§ **INSTRUCTIONS FOR THE TASK**: Repeat the data exactly. Pictures are not part of the copy.

§ **INFORMATION SHOWN**:
☆ ☆ ☆
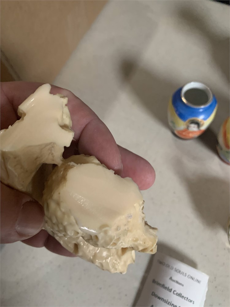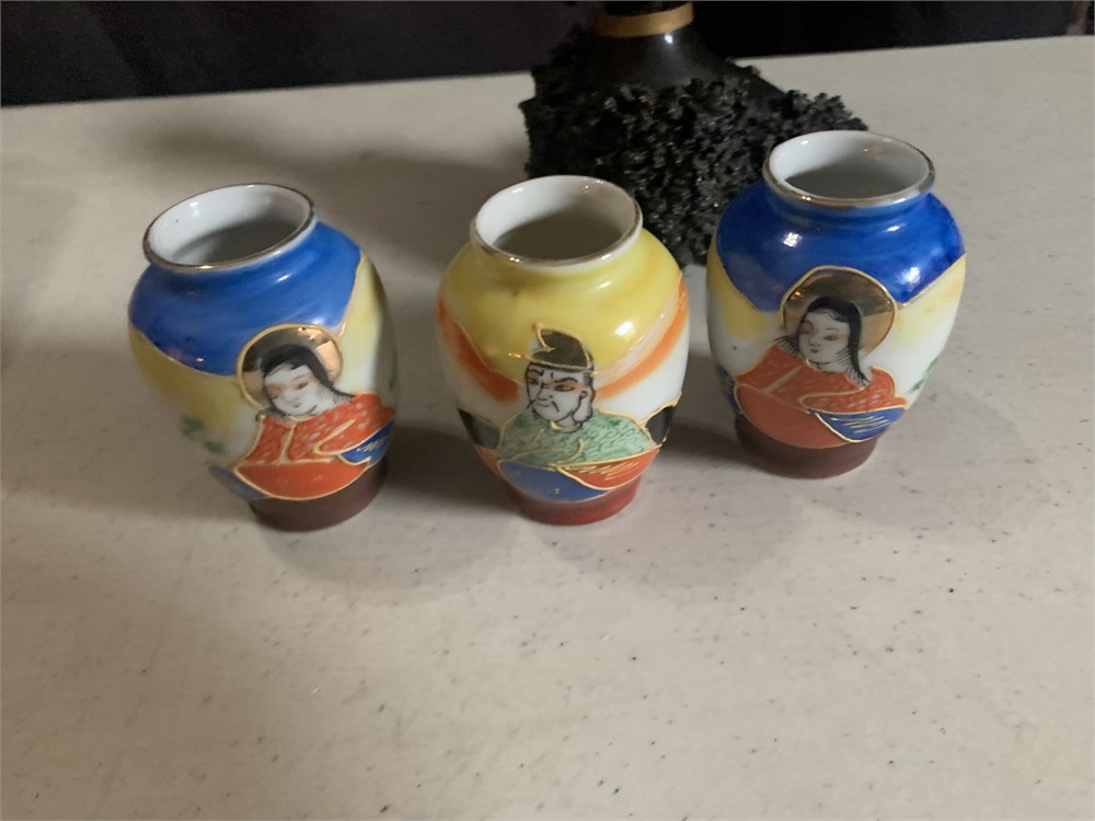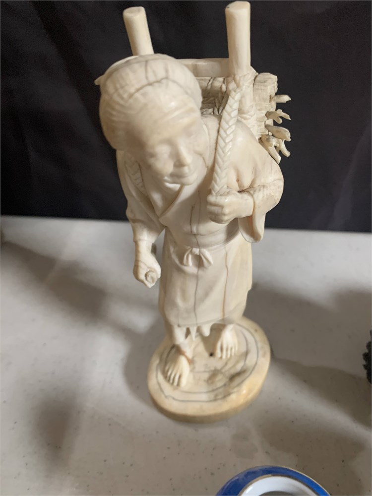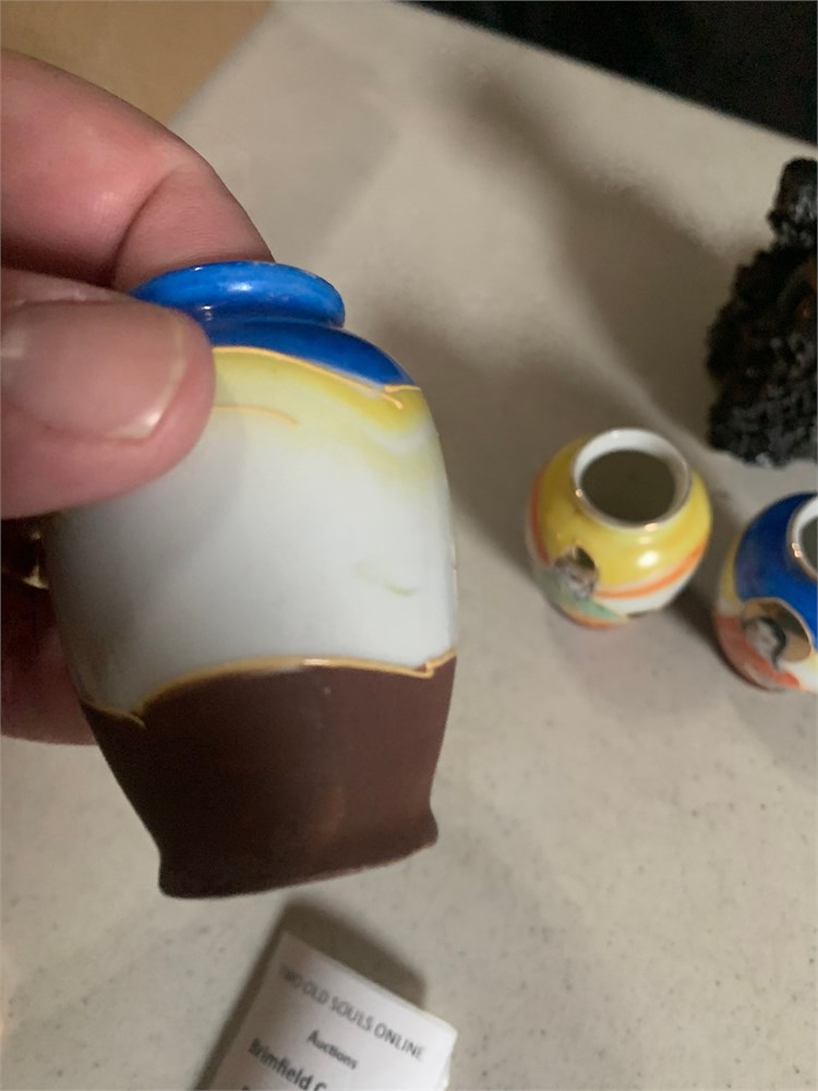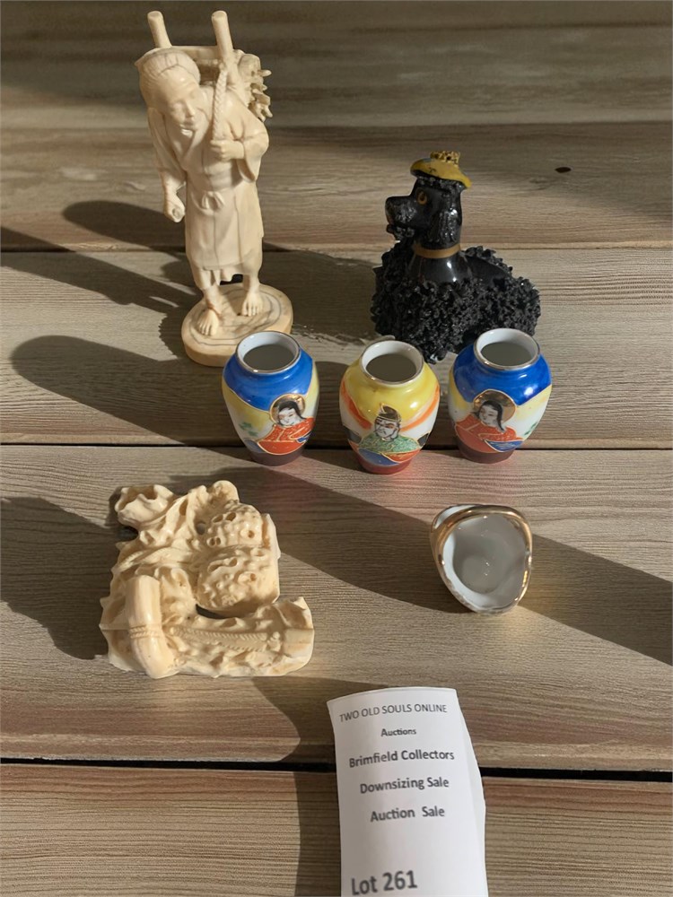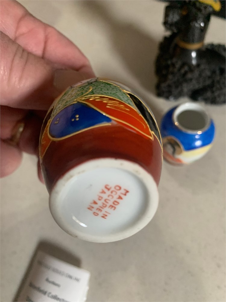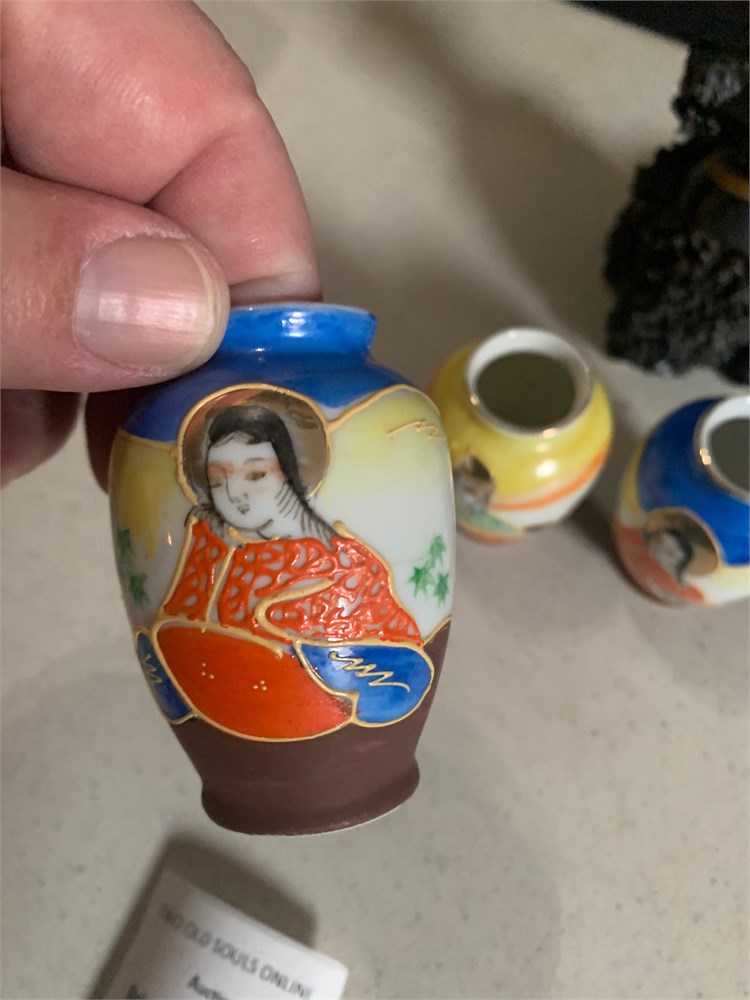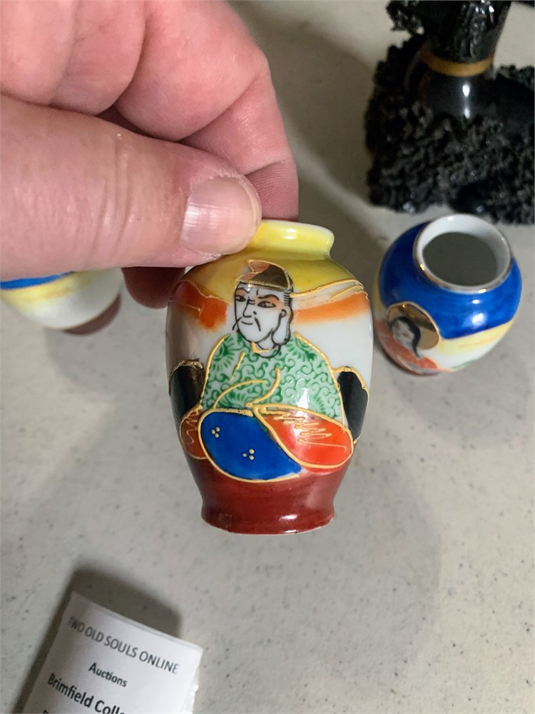 Japanese Okimono Carving, Ivory Incense Burner, Mini Satsuma Moriage Vases View Watchlist >
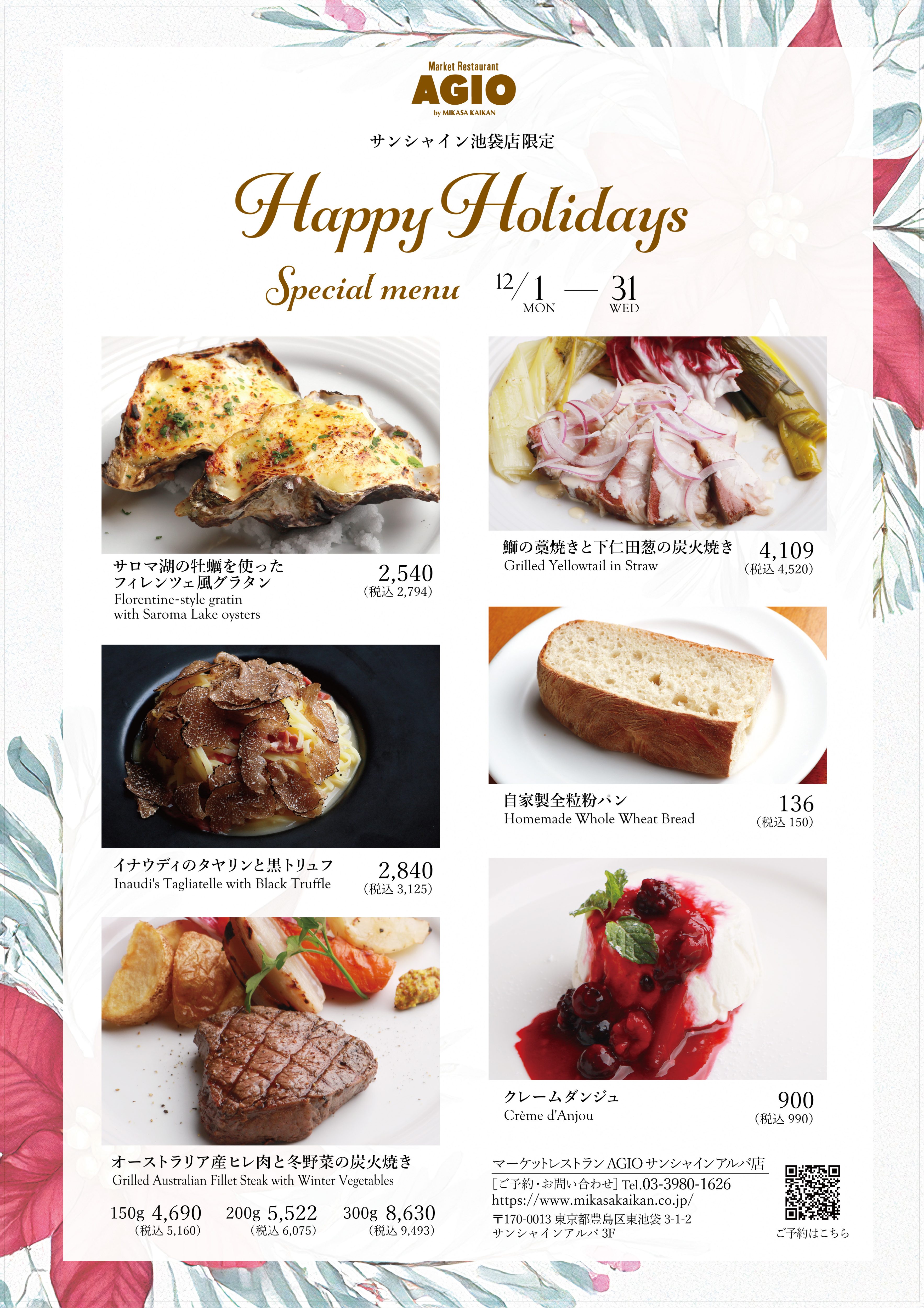 AGIOサンシャインアルパ店よりハッピーホリデースペシャルメニューのご案内をいたします。
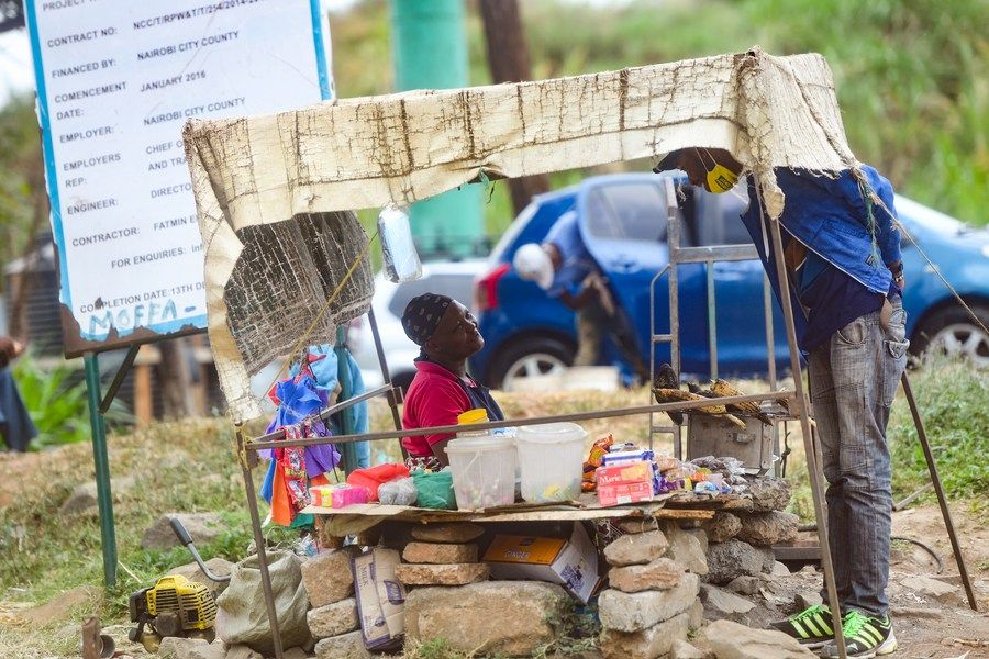 ↑2021年7月28日,在肯尼亞首都內羅畢街頭,顧客在一處小攤前買東西。
☆ ☆ ☆
§ **RESULT OF THIS TASK**:
 Japanese Okimono Carving, Ivory Incense Burner, Mini Satsuma Moriage Vases View Watchlist >
 AGIOサンシャインアルパ店よりハッピーホリデースペシャルメニューのご案内をいたします。
 ↑2021年7月28日,在肯尼亞首都內羅畢街頭,顧客在一處小攤前買東西。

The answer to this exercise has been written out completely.